O’Malley on Monday downplayed several days of vocal criticism from Rep. Donna F. Edwards (D), who would no longer represent the county and who has charged that the proposal would dilute the voting power of blacks, Hispanics and Asians in the majority-minority county. The measure is expected to pass the Senate on Tuesday and go to the House of Delegates.

‘Narrow criticism’

The governor tried to turn attention to another idea — a plan to raise the state’s gas tax and potentially other revenue to help create jobs. When asked about comments by Edwards, he called his plan “fair and balanced” and cast complaints by Edwards and a handful of other African American and Hispanic lawmakers in Montgomery as “a very, very narrow criticism, not held by the vast majority.”

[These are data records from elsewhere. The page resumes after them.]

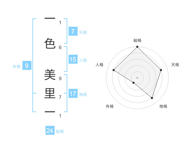 一色 美里ーさんの総格は24画の5点!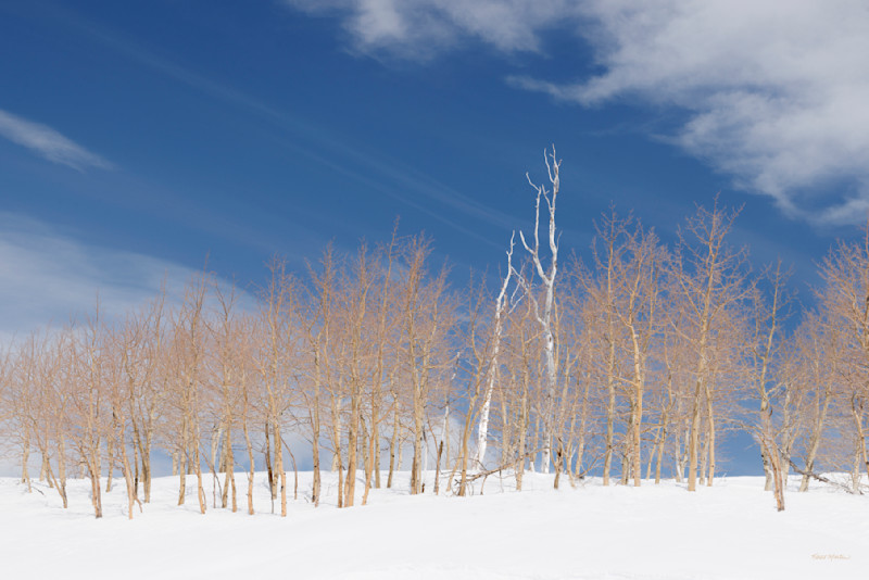 Ghostly — for some reason this view really touched me. I was driving Scenic Highway 12 in Utah. I had not expected all the snow but was loving it. I then found a stretch where there had been a fire several years ago. The aspen regrow faster than other trees and were already pretty good size trees. There was just one dead tree standing above the rest in this area and it was almost completely white – it felt like a ghost standing among the other live trees.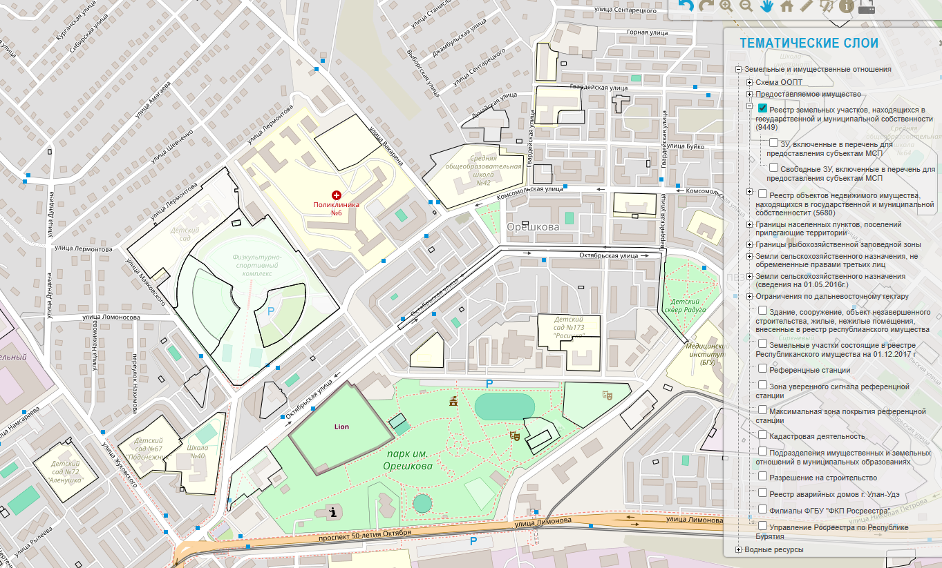 В настоящее время успешно реализована интеграция единой базы данных государственного и муниципального имущества с Геопорталом Республики Бурятия http://geo.gbucitrb.ru// . Портал дополнен слоями - реестр земельных участков (объектов недвижимого имущества), находящихся в государственной и муниципальной собственности.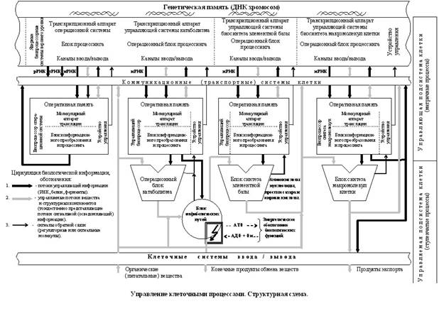 Отсюда, как следствие, вытекает и тот факт, что все клеточные процессы управляются, регулируются и взаимно координируются той программной информацией, которая (с помощью генетической информации и элементной базы) загружена в аппаратную систему клетки, то есть находится в функциональных биомолекулах и структурах клетки! Каждая из управляющих систем клетки (операционная система, управляющие системы катаболизма, биосинтеза элементной базы, биосинтеза макромолекул клетки и т. д.), состоящая из генетической памяти, комплекса локальных биопроцессорных устройств и выходного управляющего звена – молекулярных биологических автоматов и манипуляторов, воспринимает информацию о ходе химических превращений, об эффективности протекающих процессов, об изменении внешних и внутренних физических и химических факторов и, в зависимости от результата, корректирует управляющие воздействия.
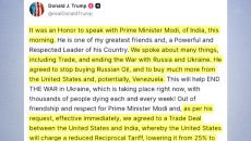 트럼프 "인도, 러 원유 구매 중단키로...상호관세 18%로 인하"

Edwards attempted to undermine support for O’Malley’s plan on Monday by proposing an alternative map that she said would maintain her current percentage of African American voters and allow her to continue to represent eastern Montgomery.

The plan was met with immediate criticism, however, with several state lawmakers saying they viewed it as little more than a scheme to insulate Edwards from a potential primary challenge from other politicians in Prince George’s County, where her district would be heavily concentrated in the future.

“How is this any better?” asked state Sen. Victor Ramirez (D-Prince George’s), who questioned why Edwards’s plan only marginally changed the percentage of Hispanic voters in each district, doing little to let the growing voter block in the Washington region attempt to elect a federal lawmaker.

Democratic lawmakers also rebuffed harsh criticism from the League of Women Voters of Maryland, Common Cause and a handful of residents who testified before a joint committee conducting the final public hearing on the plan. Most said they were appalled at the blatant partisanship that appeared to be driving the plan. Others said that devising districts to tilt the state’s current 6 to 2 majority for Democrats to 7 and 1 would further polarize an already paralyzed Congress.